** Opening GIVEN RECORDS block **

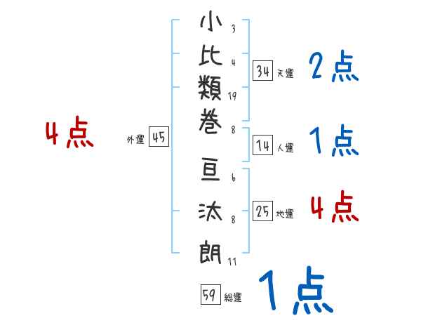 外運![]() | 小比類巻亘汰朗さんの外運は45画の4つ星!もくもくと物事を進め達成する。地味な努力家。 生活面を象徴する運勢です。外部から受ける影響力を表し、結婚運、家庭運や職場、環境への順応性を表します。 |
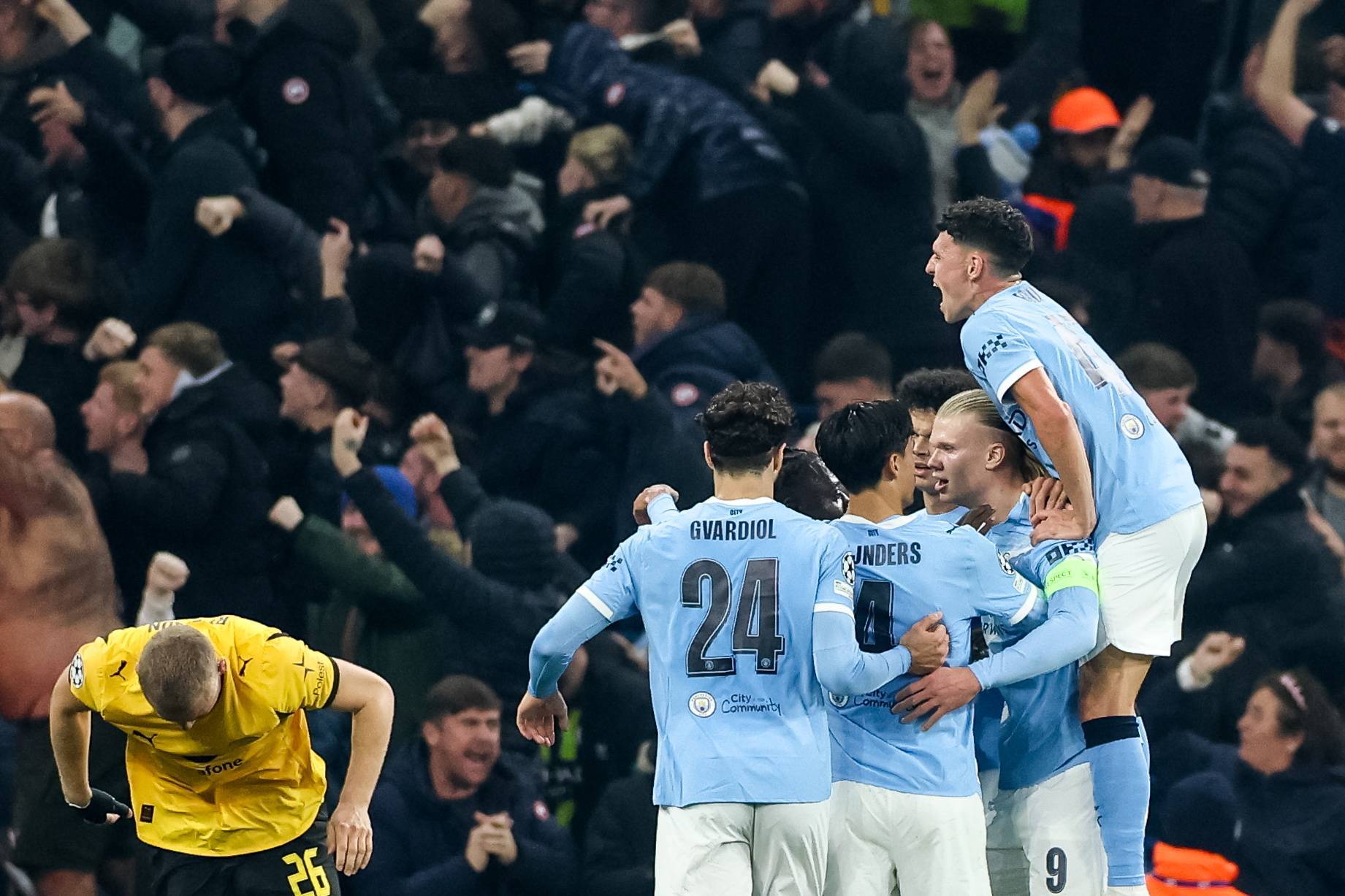 เมื่อวันที่ 5 พฤศจิกายน เออร์ลิ่ง ฮาแลนด์ (คนที่สองจากขวา) นักเตะแมนเชสเตอร์ ซิตี้ ฉลองการทำประตูที่สองของทีม Xinhua/EPA
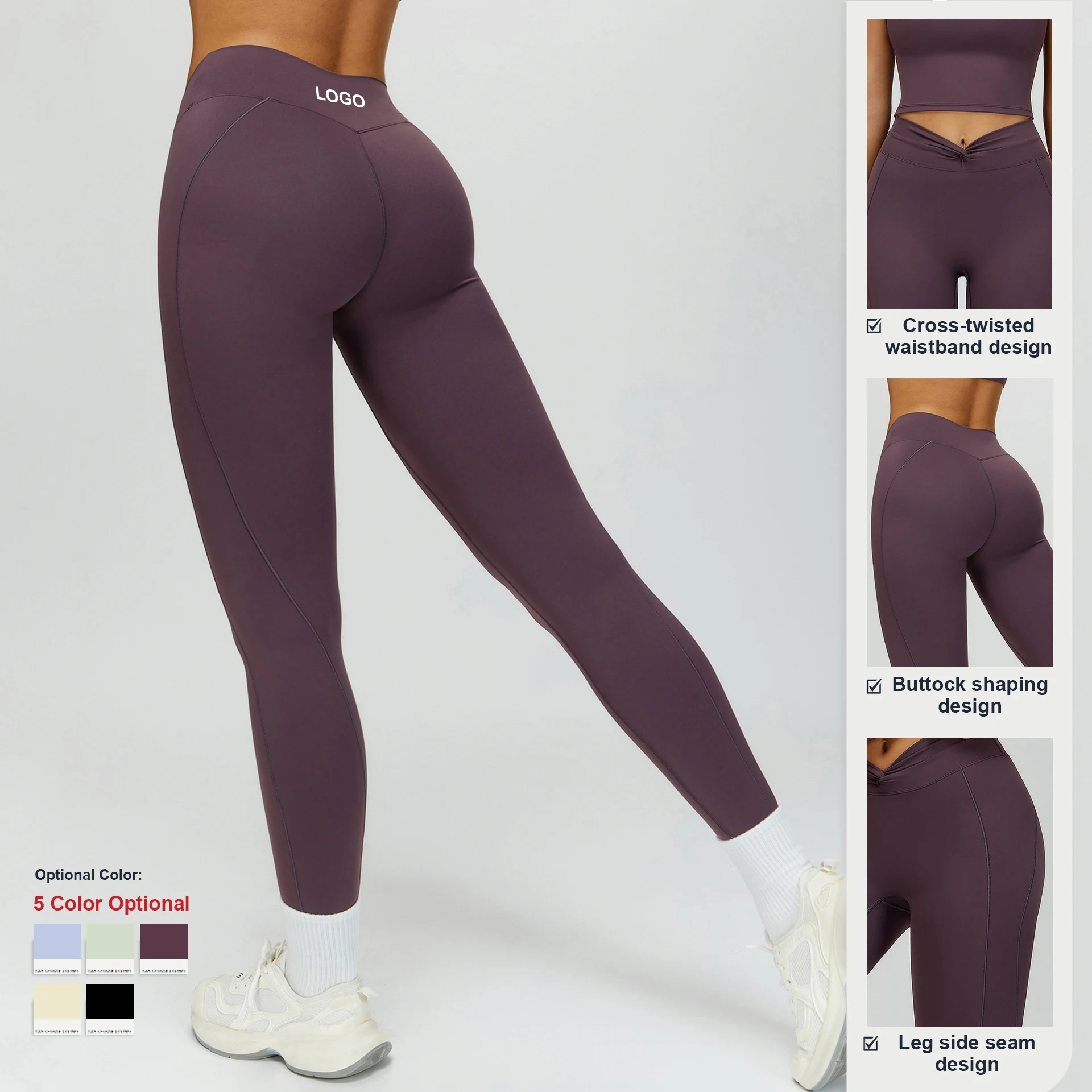 Custom Fabric Style Color Logo Cross High Waist Tight Yoga Pants Women Gym Fitness Workout Running Quick-Drying Sports Leggings
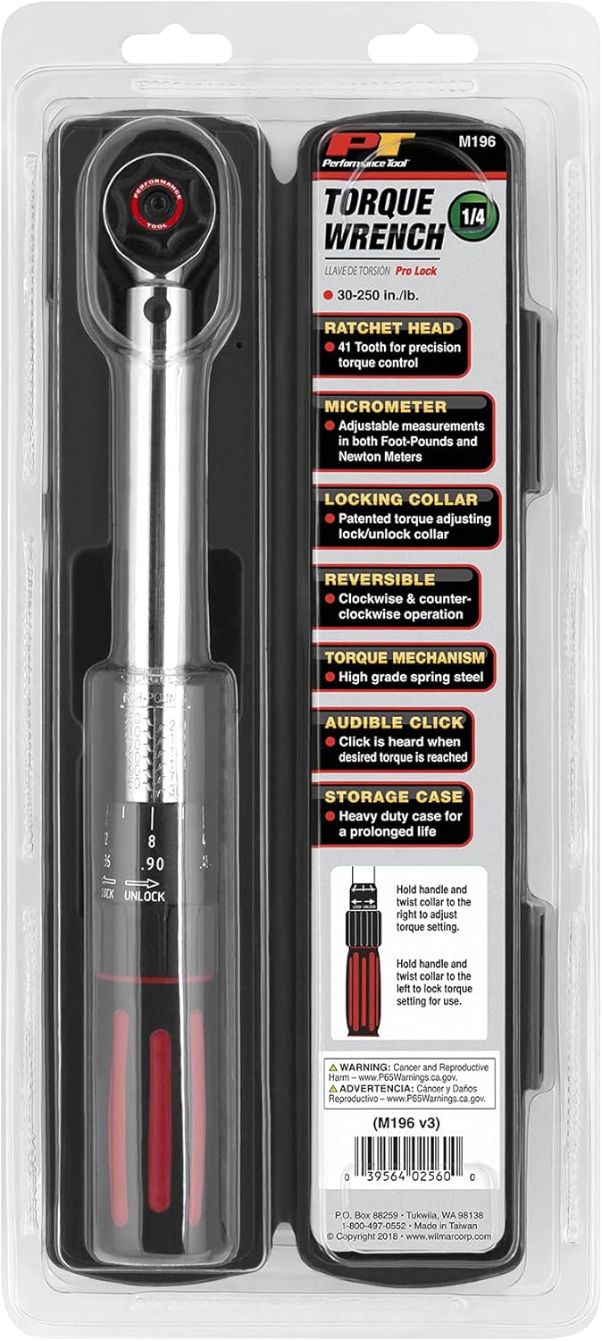 | Included Components | Performance Tool M196 1/4-inch Drive Click Torque Wrench, Black/Red, 30-250 in/lb |
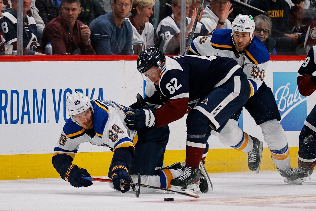 The Avalanche went ahead 3-0 when they got the puck off a faceoff and worked it around to Manson at the top of the zone. His sixth goal of the season went over Binnington’s shoulder at 8:03.
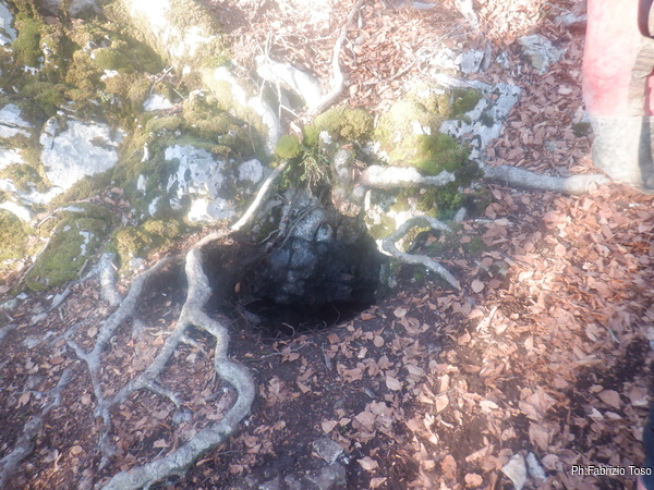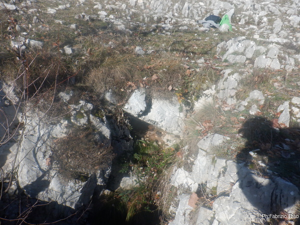 Strada facendo pero’, sia all’andata che al ritorno troviamo alcuni buchi interessanti che ora vi mostro. Questo e’ il primo, addirittura ha un fix messo nelle vicinanze…sara’ catastabile?
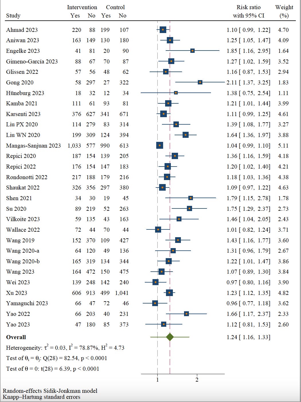 Across these 33 trials, which represent the largest proportion of randomized trials performed thus far in medical A.I, there was an impressive increased A.I. boost in detection of adenomatous polyps, the ones that are most likely to progress to cancer. As seen in one of the many graphs from the paper, there was a pretty consistent benefit across the trials (nearly all the boxes in the Forest plot are to the right of the vertical line of 1).
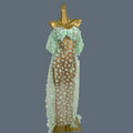 This bespoke, handmade dress is crafted with exceptional attention to detail using premium materials. Each stitch reflects the artistry and dedication of our skilled artisans, ensuring a timeless and elegant look. Designed to complement every season—Spring, Summer, Fall, and Winter—this dress is as versatile as it is beautiful.
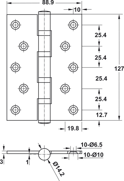 Bản lề lá 4 vòng bi Hafele, inox 304 màu inox bóng 127x89x3mm / 489.05.025

** Closing GIVEN RECORDS block **

◆ WHAT TO DO
All lines above starting at the one with "30-250 in/lb |" and ending at the one with "Across these 33", inclusive, are to be printed again exactly, with the pictures left out.

◆ SOLUTION FOR THIS TASK
 | Included Components | Performance Tool M196 1/4-inch Drive Click Torque Wrench, Black/Red, 30-250 in/lb |
 The Avalanche went ahead 3-0 when they got the puck off a faceoff and worked it around to Manson at the top of the zone. His sixth goal of the season went over Binnington’s shoulder at 8:03.
 Strada facendo pero’, sia all’andata che al ritorno troviamo alcuni buchi interessanti che ora vi mostro. Questo e’ il primo, addirittura ha un fix messo nelle vicinanze…sara’ catastabile?
 Across these 33 trials, which represent the largest proportion of randomized trials performed thus far in medical A.I, there was an impressive increased A.I. boost in detection of adenomatous polyps, the ones that are most likely to progress to cancer. As seen in one of the many graphs from the paper, there was a pretty consistent benefit across the trials (nearly all the boxes in the Forest plot are to the right of the vertical line of 1).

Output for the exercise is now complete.